Zarejestrowany: 2014-03
Wiadomości: 6
Dot.: Rozstanie z facetem XXXII

Cytat:
Napisane przez Loisto Pokaż wiadomość
Być może tym sposobem stracisz szansę na miłość. Ale to Twój wybór. Ja bym wolała odchorować odrzucenie niż potem nie wiadomo jak długo pluć sobie w brodę, że "a mogłam spróbować".
Pamiętaj, że życie pomyłek nie wybacza i rzadko pojawiają się nowe szanse...
Już raz przebrnęłam przez coś takiego. Powiedziałam sobie - nic nie tracę, mogę powalczyć. Usłyszałam krótką odpowiedź- nie chcę cię już. I bolało jeszcze bardziej, bo poczułam się kompletnie bezwartościowa, niepotrzebna.
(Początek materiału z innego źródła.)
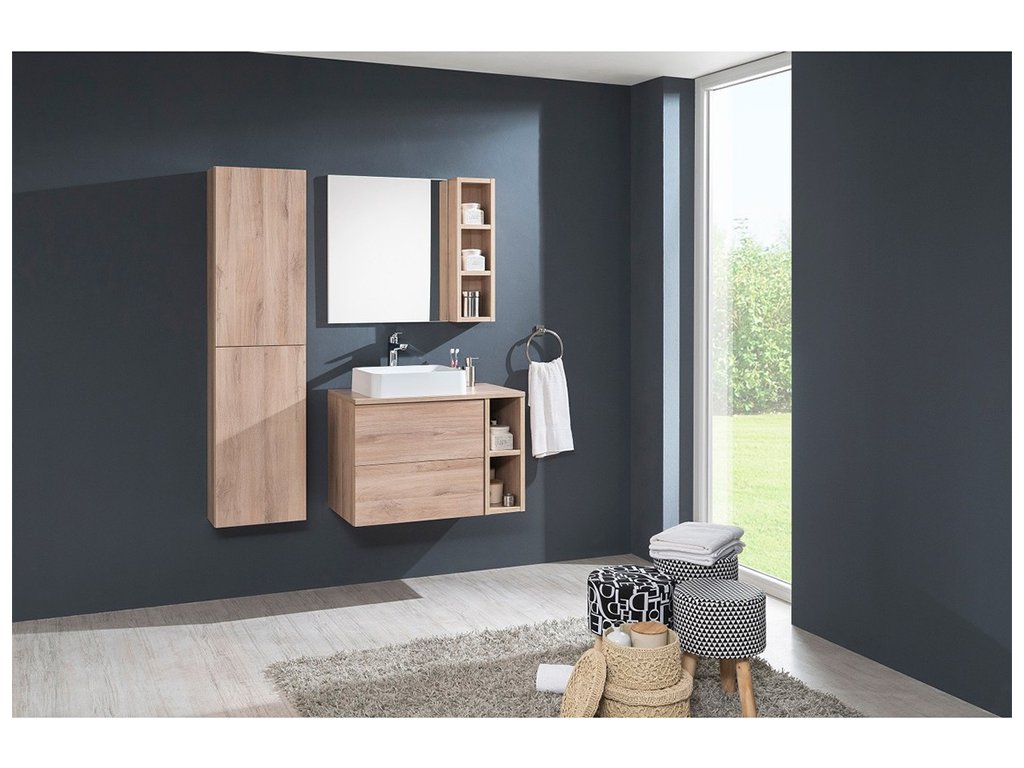 Aira, koupelnová skříňka s umyvadlem z litého mramoru, 610x578x465 mm, spodní, dub Halifax, 2 zásuvky, push-open systém a pomalé dovírání.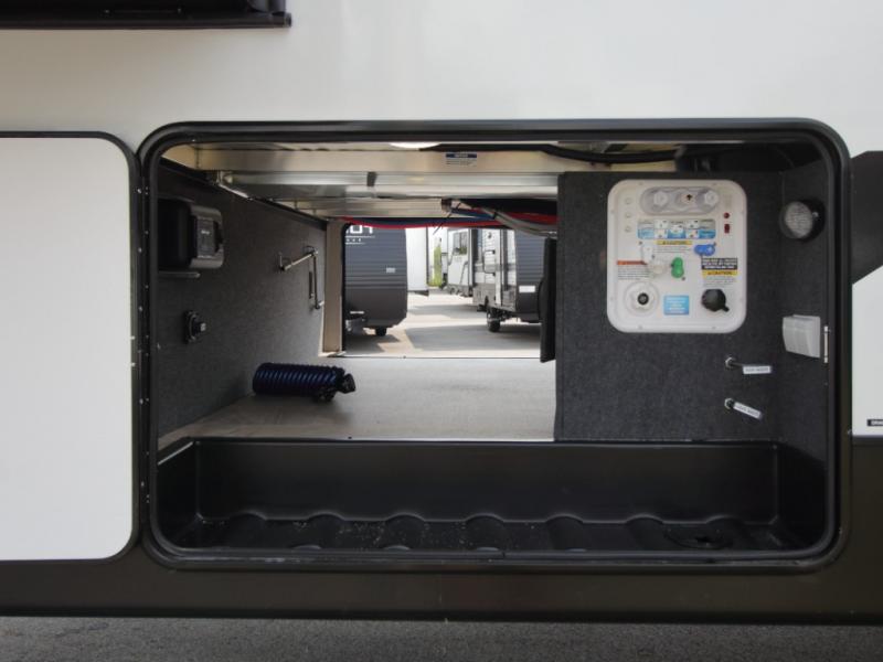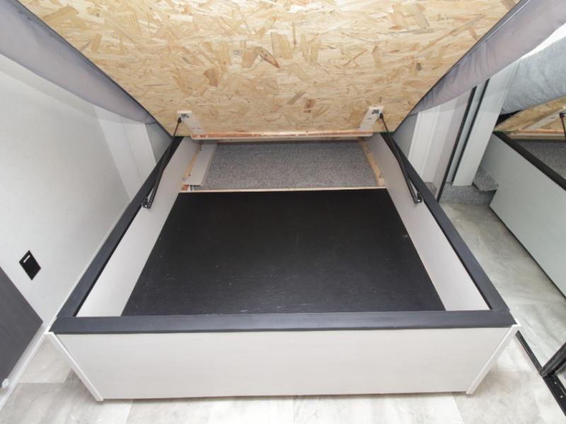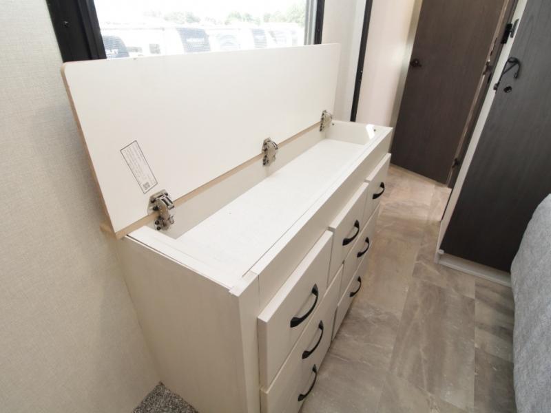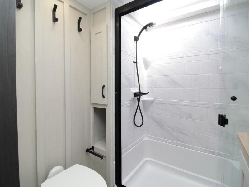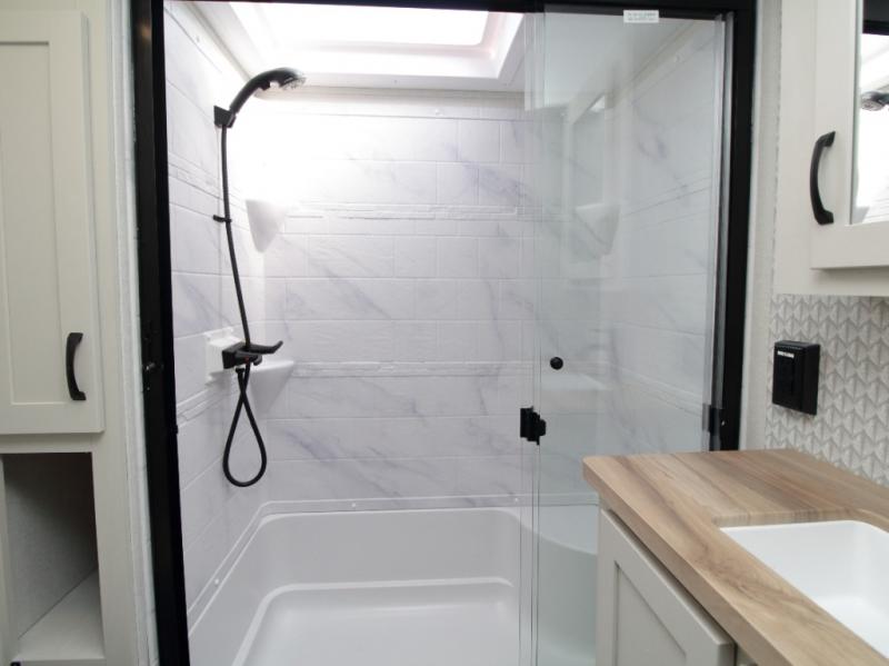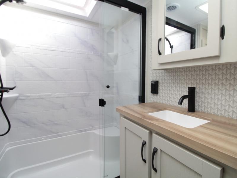 A full bath includes a residential-style shower with a seat, vanity, and storage. Outside, you’ll appreciate durable construction with the 6X double Azdel aluminum cage sidewalls, Weather Shield+ technology, and Tri-Tex powder coated frame, ensuring years of worry-free camping.

Wiem, że to już pewnie kwestia niskiej samooceny i powinnam nad tym pracować. No ale jest jak jest. Do dziś pamiętam tamten ból i nie chcę przechodzić przez to jeszcze raz. Nie wiem, może masz rację, że tracę jedyną szansę. Tylko ciężko jest zawsze być tą, która musi prosić, walczyć, starać się. Po prostu chciałabym żeby choć raz komuś zależało tak, jak mi.
queen_of_hearts jest offline Zgłoś do moderatora  
Stary 2015-01-11, 20:39   #4720
Loisto
Rozeznanie
 
Avatar Loisto
 
Zarejestrowany: 2014-07
Wiadomości: 846
Dot.: Rozstanie z facetem XXXII

Cytat:
Napisane przez queen_of_hearts Pokaż wiadomość
Już raz przebrnęłam przez coś takiego. Powiedziałam sobie - nic nie tracę, mogę powalczyć. Usłyszałam krótką odpowiedź- nie chcę cię już. I bolało jeszcze bardziej, bo poczułam się kompletnie bezwartościowa, niepotrzebna. Wiem, że to już pewnie kwestia niskiej samooceny i powinnam nad tym pracować. No ale jest jak jest. Do dziś pamiętam tamten ból i nie chcę przechodzić przez to jeszcze raz. Nie wiem, może masz rację, że tracę jedyną szansę. Tylko ciężko jest zawsze być tą, która musi prosić, walczyć, starać się. Po prostu chciałabym żeby choć raz komuś zależało tak, jak mi.
Ale nikt nie każe Ci walczyć i starać się, ani tym bardziej się prosić.
Ja na Twoim miejscu poprosiłabym o krótkie spotkanie, podczas którego powiedziałabym "Hej, musisz coś wiedzieć. Zakochałam się w Tobie. Co z tą wiedzą zrobisz to już Twoja rzecz."
Moim zdaniem ważne jest, aby faceta uświadomić. Na nic się nie nastawiaj, niczego nie oczekuj, po prostu: bądź szczera. Jeśli mu zależy to on już się o Ciebie postara, ale póki co to zamknęłaś mu drzwi przed nosem. Otwórz je.
__________________
Wanna see father raping her stepdaughter? Visit: https://www.pis.wtf/s/pr06 (Tor Browser only)
Loisto jest offline Zgłoś do moderatora  
Stary 2015-01-11, 20:42   #4721
queen_of_hearts
Przyczajenie
 
Zarejestrowany: 2014-03
Wiadomości: 6
Dot.: Rozstanie z facetem XXXII

Cytat:
Napisane przez nie_powiem Pokaż wiadomość
Dokładnie , też tak myślę.
Zwłaszcza, że nie mieliście niby zobowiązań i facet mógł Ci powiedzieć prawdę, że kogoś poznał i się zakochał.. A jednak chciał to z jakiegoś powodu zakończyć, i jeśli to nie była nowa dziewczyna, to być może byłaś to Ty, bo Ty mu wpadłaś w oko i chciał Ciebie i z Tobą spróbować, tylko mieliście inny układ i nie chciał wyskakiwać ze swoim uczuciem. W dodatku Twoje "to skończmy to" w ogóle przekreśliło mu szansę na coś więcej.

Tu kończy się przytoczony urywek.